■ PROBLEM TO SOLVE: From the line containing "Lakanto powdered monkfruit" through the end of the entries, please repeat every line exactly and nothing more; the pictures do not belong in the copy.

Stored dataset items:
+-------+
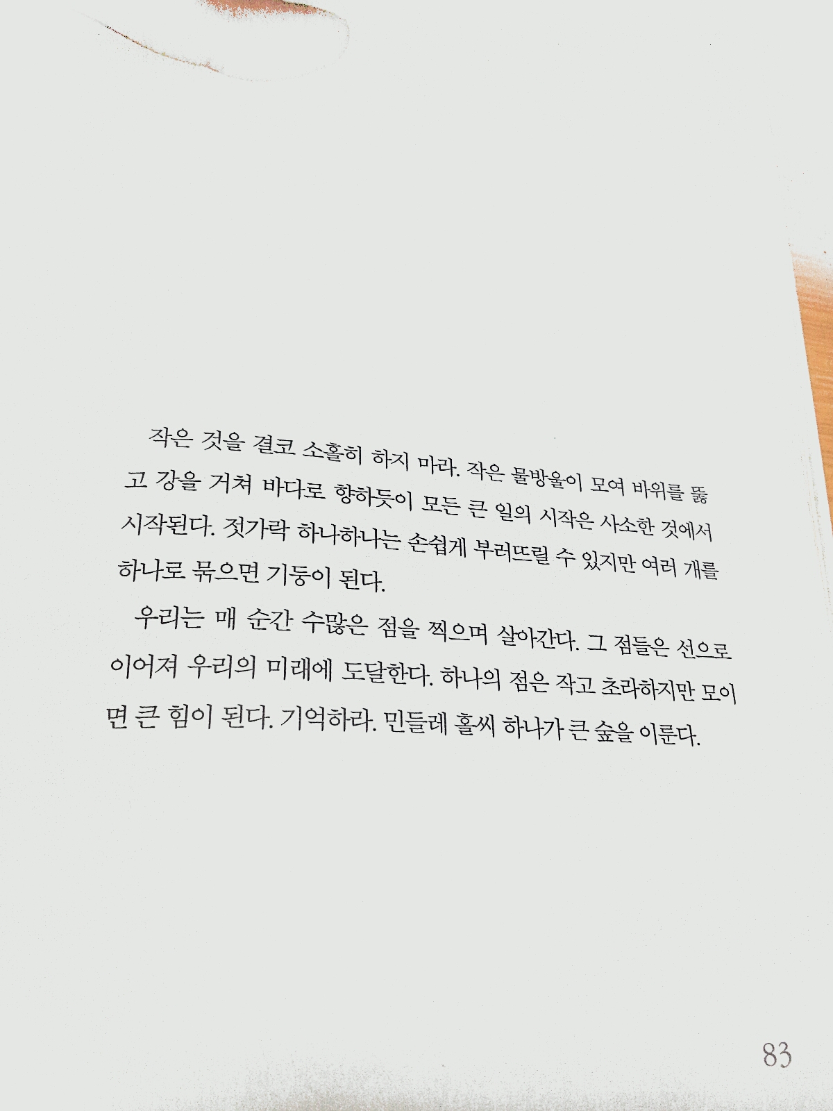 작은 것을 결코 소홀히 하지 마라. 작은 물방물이 모여 바위를 뚫고 강을 거쳐 바다로 향하듯이 모든 큰 일의 시작은 사소한 것에서 시작된다. 젓가락 하나하나는 손쉽게 부러뜨릴 수 있지만 여러 개를 하나로 묶으면 기둥이 된다.
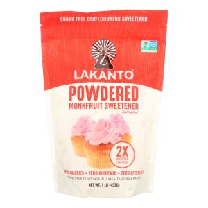 Lakanto powdered monkfruit sweetener with erythritol is a sugar-free 2:1 replacement for powdered sugar. With double the sweetness of regular powdered sugar, and the same texture as powdered sugar, this product is ideal for use on powder-dusted desserts as well as for making frostings and icing. Monk fruit has zero effect on blood sugar or insulin levels, so it’s great for blood sugar and weight management. Monkfruit sweetener with erythritol comes in a 1 lb. Pouch.
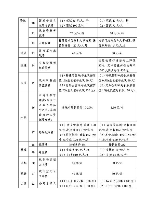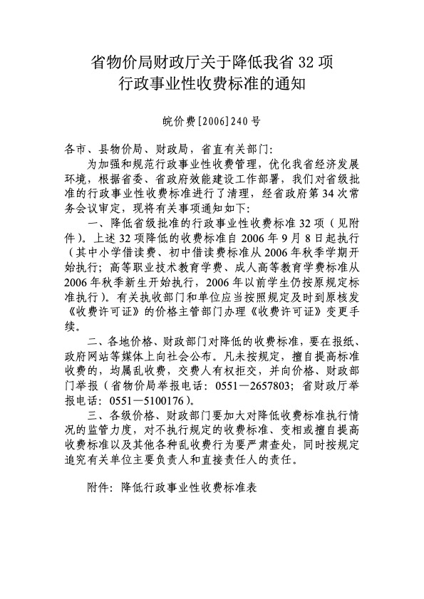 省物价局财政厅关于降低我省32项行政事业性收费标准的通知
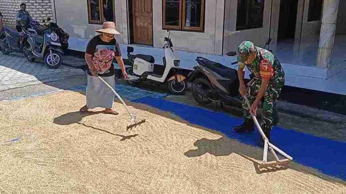 Kehadiran Babinsa di tengah petani tidak hanya membantu proses penjemuran, tetapi juga meringankan beban pekerjaan warga.
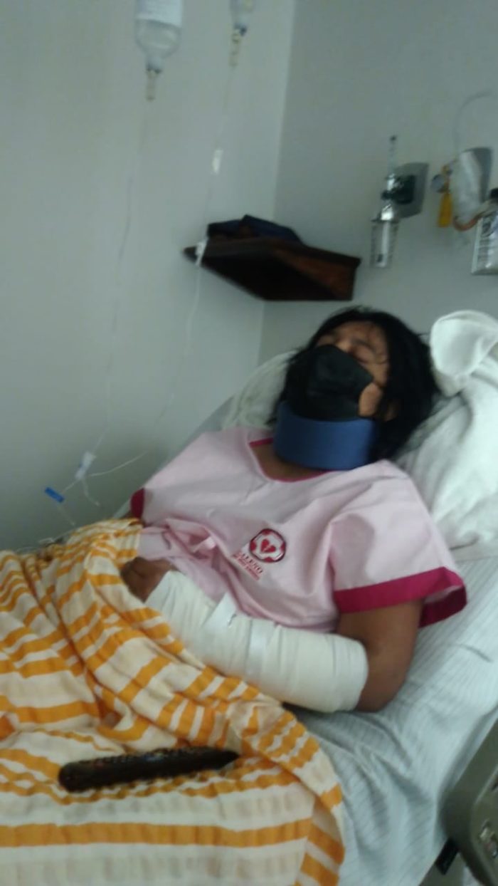 “A mí me golpearon muy feo y a mi hija más, a ella la sacaron del coche y la esposaron, le rociaron ese gas y no podía ver, después nos llevaron a un lugar donde nos tuvieron por varias horas. Después nos valoró un médico y la internamos, a mí me soltaron el viernes por la tarde, pero mi hija es la más afectada”, agregó.
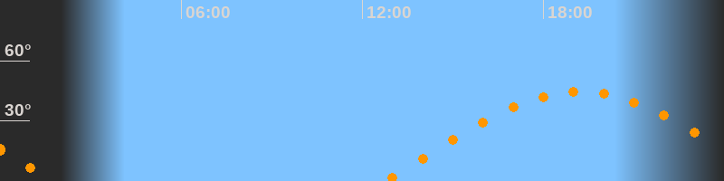 | Aufgang | 12:44 Uhr im Osten (αAz = 81°) |
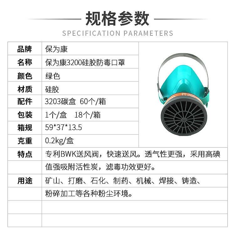 保为康口罩 硅胶 3200防毒 18个/件
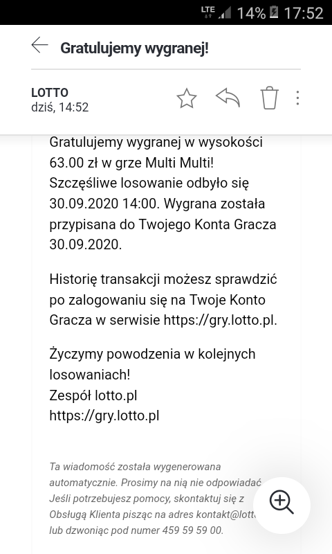 Takie oto szczęście w nieszczęściu. Jest 40 mogłoby być 1400.
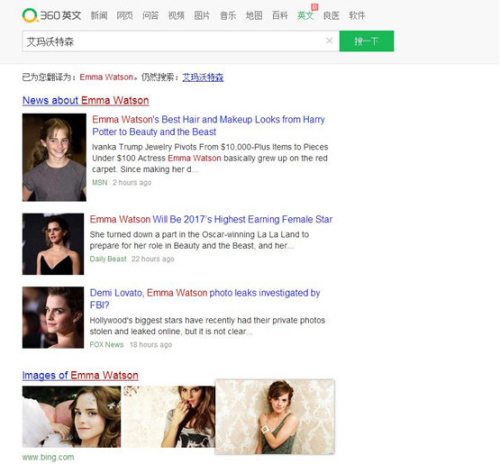 例如,通过360英文搜索艾玛沃特森的相关英文资讯,360英文可以搜索通过中文、拼音智能识别技术搜索英文“Emma Watson”,为用户直接提供Emma Watson的第一手英文咨询。
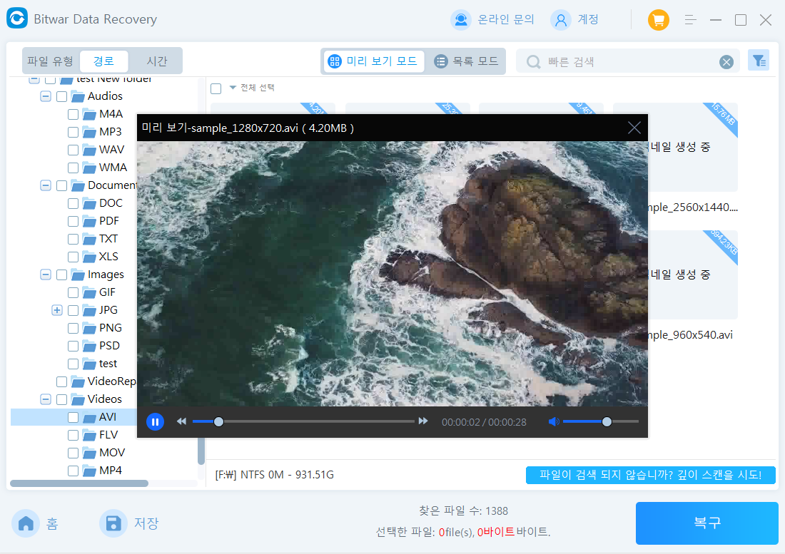 - 스캔 중에 이미 스캔된 파일 정보를 미리 보고, 파일 내용과 품질을 확인한 후 곧바로 스캔을 중지하고 복구할 수 있습니다!
+-------+
■ WRITTEN RESPONSE:
 Lakanto powdered monkfruit sweetener with erythritol is a sugar-free 2:1 replacement for powdered sugar. With double the sweetness of regular powdered sugar, and the same texture as powdered sugar, this product is ideal for use on powder-dusted desserts as well as for making frostings and icing. Monk fruit has zero effect on blood sugar or insulin levels, so it’s great for blood sugar and weight management. Monkfruit sweetener with erythritol comes in a 1 lb. Pouch.
 省物价局财政厅关于降低我省32项行政事业性收费标准的通知
 Kehadiran Babinsa di tengah petani tidak hanya membantu proses penjemuran, tetapi juga meringankan beban pekerjaan warga.
 “A mí me golpearon muy feo y a mi hija más, a ella la sacaron del coche y la esposaron, le rociaron ese gas y no podía ver, después nos llevaron a un lugar donde nos tuvieron por varias horas. Después nos valoró un médico y la internamos, a mí me soltaron el viernes por la tarde, pero mi hija es la más afectada”, agregó.
 | Aufgang | 12:44 Uhr im Osten (αAz = 81°) |
 保为康口罩 硅胶 3200防毒 18个/件
 Takie oto szczęście w nieszczęściu. Jest 40 mogłoby być 1400.
 例如,通过360英文搜索艾玛沃特森的相关英文资讯,360英文可以搜索通过中文、拼音智能识别技术搜索英文“Emma Watson”,为用户直接提供Emma Watson的第一手英文咨询。
 - 스캔 중에 이미 스캔된 파일 정보를 미리 보고, 파일 내용과 품질을 확인한 후 곧바로 스캔을 중지하고 복구할 수 있습니다!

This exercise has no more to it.